The PA between the lines averages after correcting for fixed effects and the predicted genetic values (\({\varvec{r}}_{{\widehat{{{\varvec{g}},}}{\varvec{p}}}}\)) was evaluated for the proposed models using LOO and LSO CV schemes (Fig. 3). The I-model was not included in this section because such a model has no PA in CVs due to the model assumptions of independence between lines.

Fig. 3
figure 3

Barplot of predictive abilities for I + GA-model and I + GA + GAA-model in leave-one-line-out (LOO) and leave-one-breeding-cycle-out (LSO) cross-validations based on bootstrap distribution, r = 10,000. ADD: predicted additive values (GEBVs), EPI: predicted epistatic values (GEEVs), ADD + EPI: sum of ADD and EPI. Green lines are the theoretical maximum predictive ability (PA).

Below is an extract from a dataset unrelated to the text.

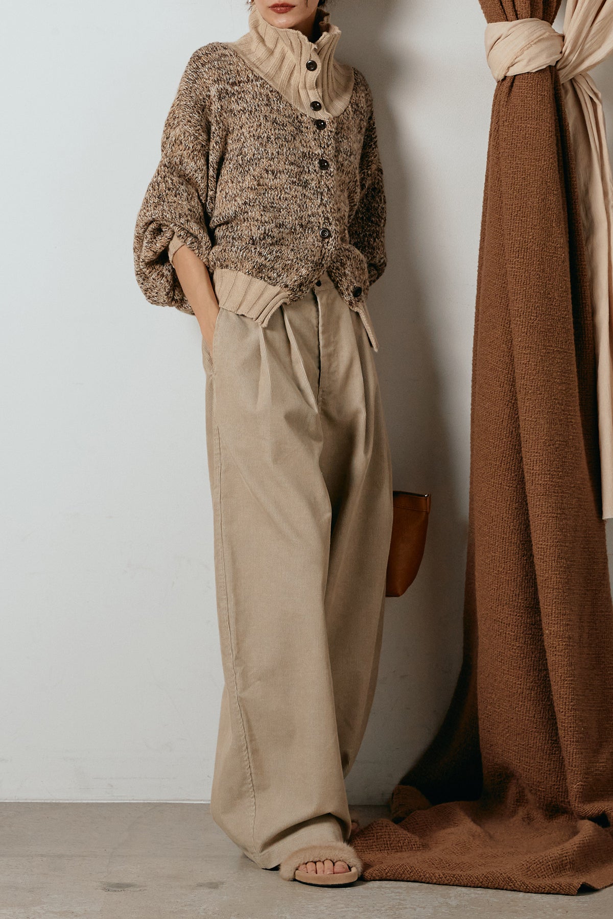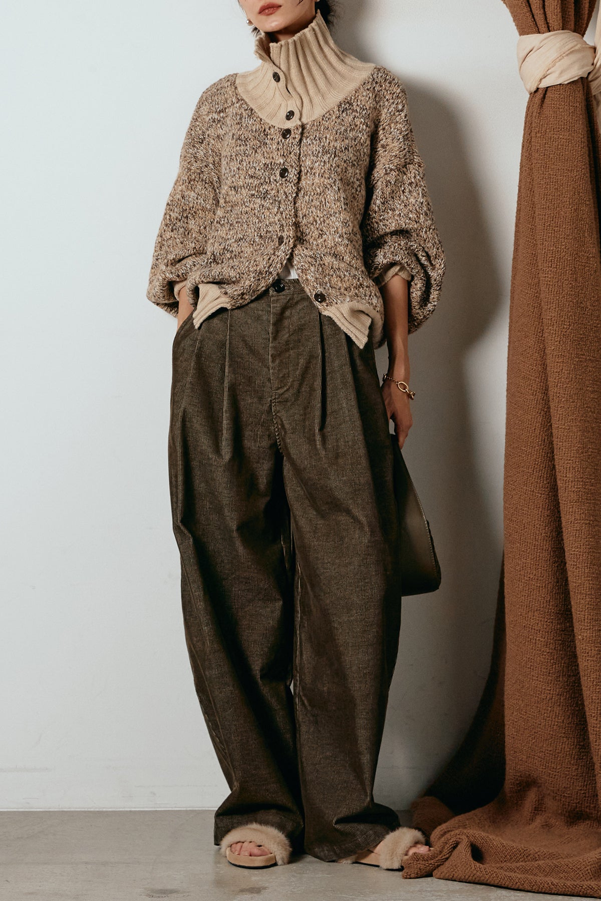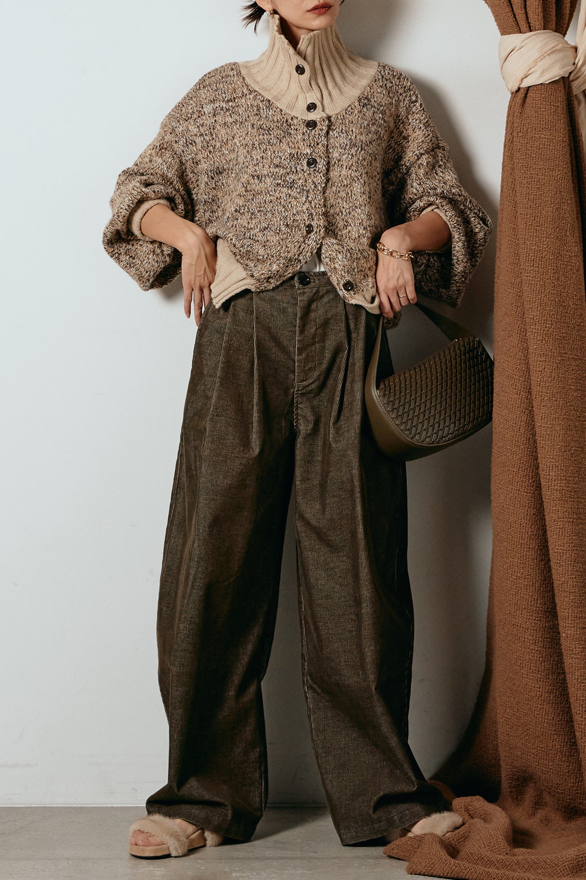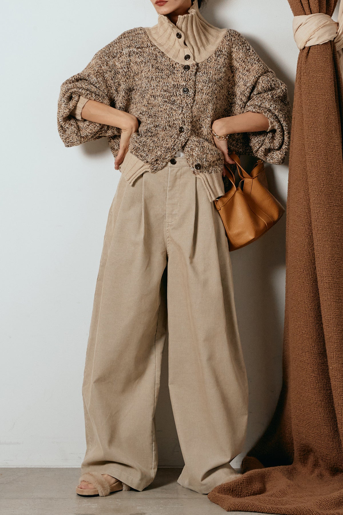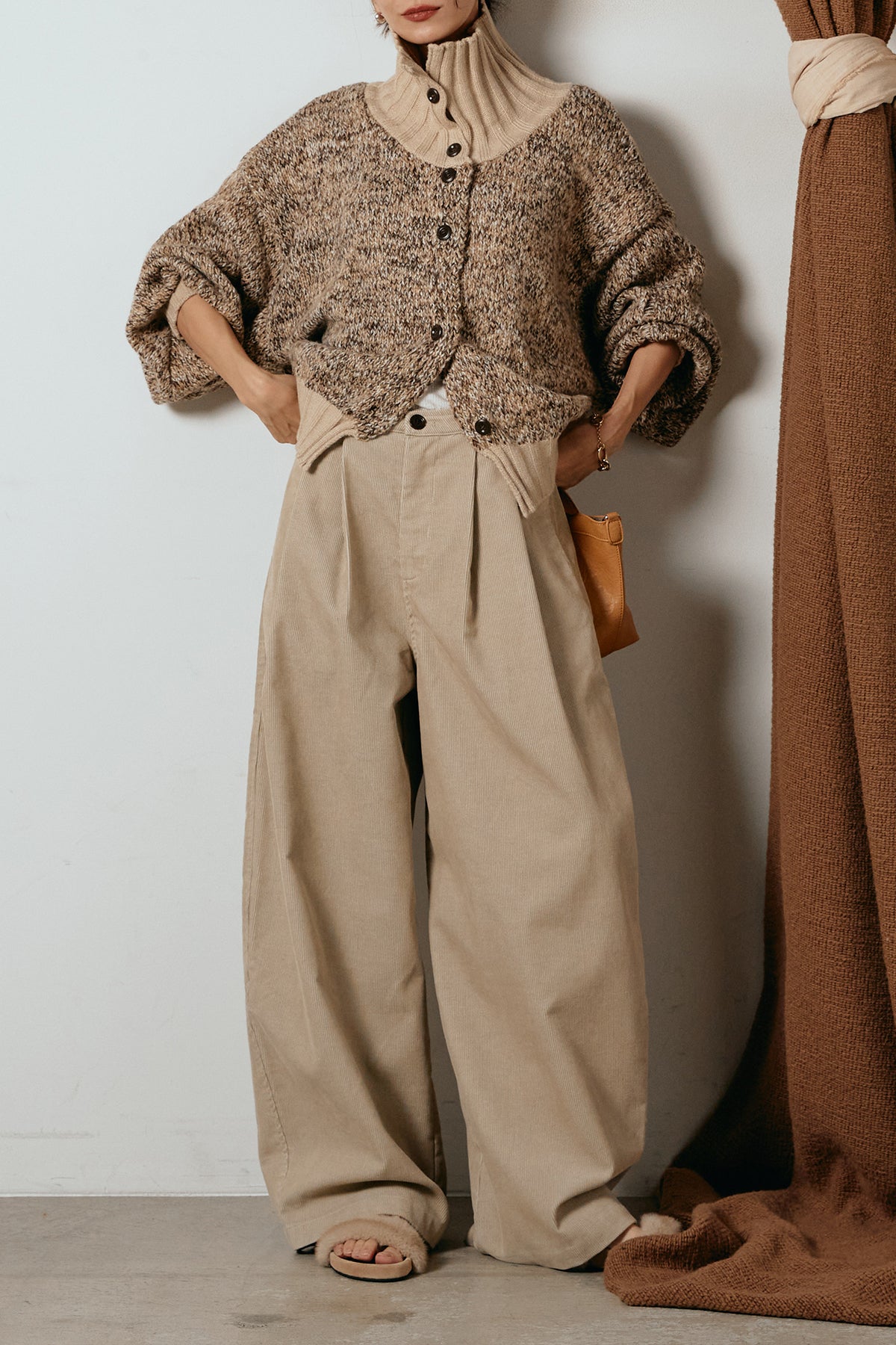 [SET]ハイネックミックスニットカーディガン+フロントタック入りコーデュロイパンツ(2set)

The maximum PA for the I + GA-model and for the ADD of I + GA + GAA-model were calculated as: \(\sqrt {{\text{n}}h^{2} /\left( {1 + \left( {{\text{n}} - 1} \right)h^{2} } \right)}\), where n is the average number of lines repetitions; the maximum PA for ADD + EPI of I + GA + GAA-model was calculated using the proportion of total variance explained by additive plus epistatic effects instead of \(h^{2}\) (color figure online)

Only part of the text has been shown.